Klasyfikacja po tym wyścigu przedstawiała się tak:
1. Lewis Hamilton 70
2. Felipe Massa 64
3. Kimi Raikkonen 57
4. Robert Kubica 55
5. Heikki Kovalainen 43
6. Nick Heidfeld 41
7. Jarno Trulli 26
8. Fernando Alonso 18
9. Mark Webber 18
10. Timo Glock 15
Konstruktorzy:
1. Ferrari 121
2. McLaren 113
3. BMW Sauber 96
4. Toyota 41
5. Renault 31
Wirtualnie
Swój wirtualny wyścig ma już dziś za sobą seria DTM. Rywalizowano na Norisring autami z 2014 roku. W wyścigu brał udział Robin Rogalski, a powtórkę obejrzycie poniżej:
W bardzo rozrywkowej formie odbędzie się wyścig Formula 1 Heroes Versus the World, organizowany na kanale Formuły 1. Wezmą w nim udział m.in. Nico Rosberg, David Coulthard, Sir Jackie Stewart, Robert Doornbos czy nawet słynny piłkarz Roberto Carlos.

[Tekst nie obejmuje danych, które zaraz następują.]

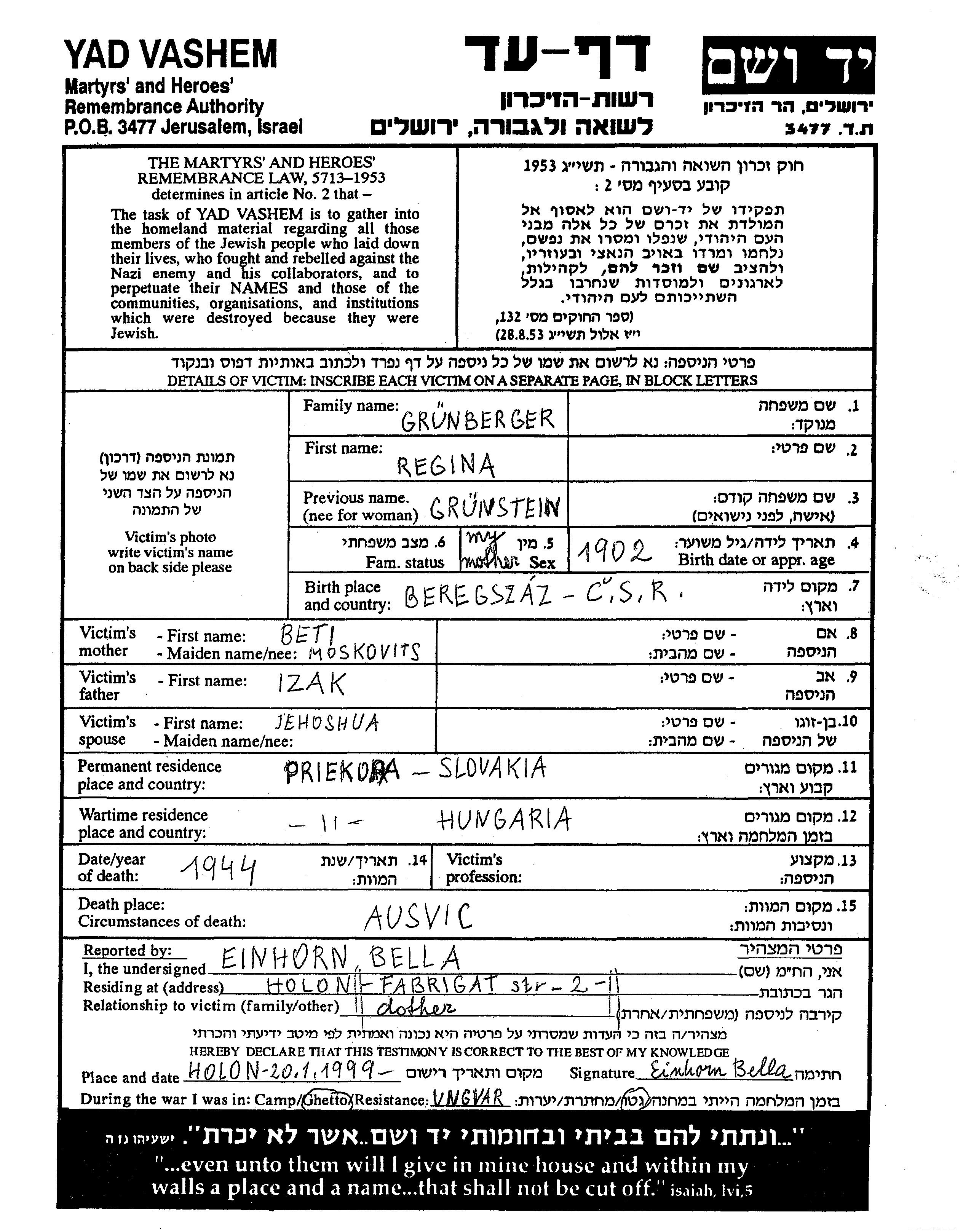 Регина Грунбергер, девичья фамилия Грунштайн, место рождения: Берегсас, Чехословакия. Отец: Изак, mать:Бети. Женат / замужем. Место жительства до войны: Прьекопа, Чехословакия. Место во время войны: Прьекопа, Чехословакия.

Całość zobaczycie poniżej, początek o godz. 19:00:
Kalendarium
1981 – Carlos Reutemann wygrywa GP Belgii, odnosząc 12. i ostatnie zwycięstwo w swojej karierze. Pierwszy raz na podium staje Nigel Mansell, a po raz 50. w F1 jedzie Didier Pironi.
1987 – Alain Prost triumfuje w GP Belgii, odnosząc 27. zwycięstwo w karierze. Było to też jego 50. podium.

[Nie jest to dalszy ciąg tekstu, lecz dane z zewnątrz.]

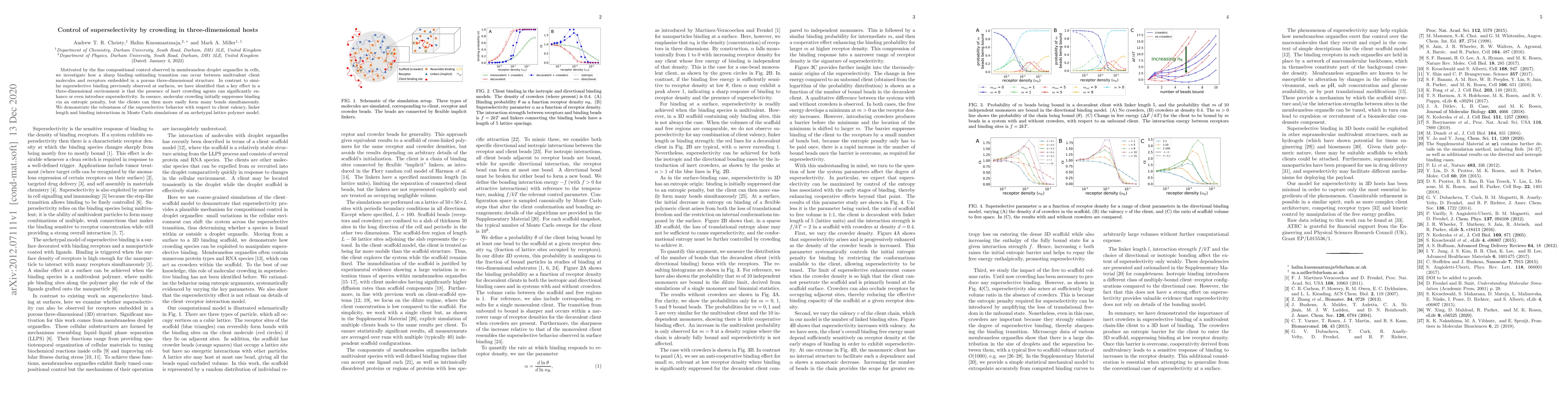 The study identifies that molecular crowding can introduce or enhance superselectivity in a 3D environment, contrasting with previous observations at surfaces, and highlights the importance of crowders in sharpening the binding transition.

1992 – Nigel Mansell wygrywa po raz 26. w F1, triumfując w GP San Marino. Po raz 30. na podium staje Riccardo Patrese. Był to 250. start dla Ligiera.
2015 – „Styl pracy Fernando Alonso przypomina mi Roberta Kubicę. Nie żąda niczego oprócz włączenia go do życia i pracy zespołu. Jest pewny siebie, chce, aby ufano jego umiejętnościom kierowcy i rezultatom, jakich może dostarczyć. Chce tu być, oglądać wszystko, dyskutować o wszystkim o czym tylko może, czuwa nad aspektami technicznymi” – mówi Eric Boullier, szef McLarena po pierwszych miesiącach pracy z Hiszpanem.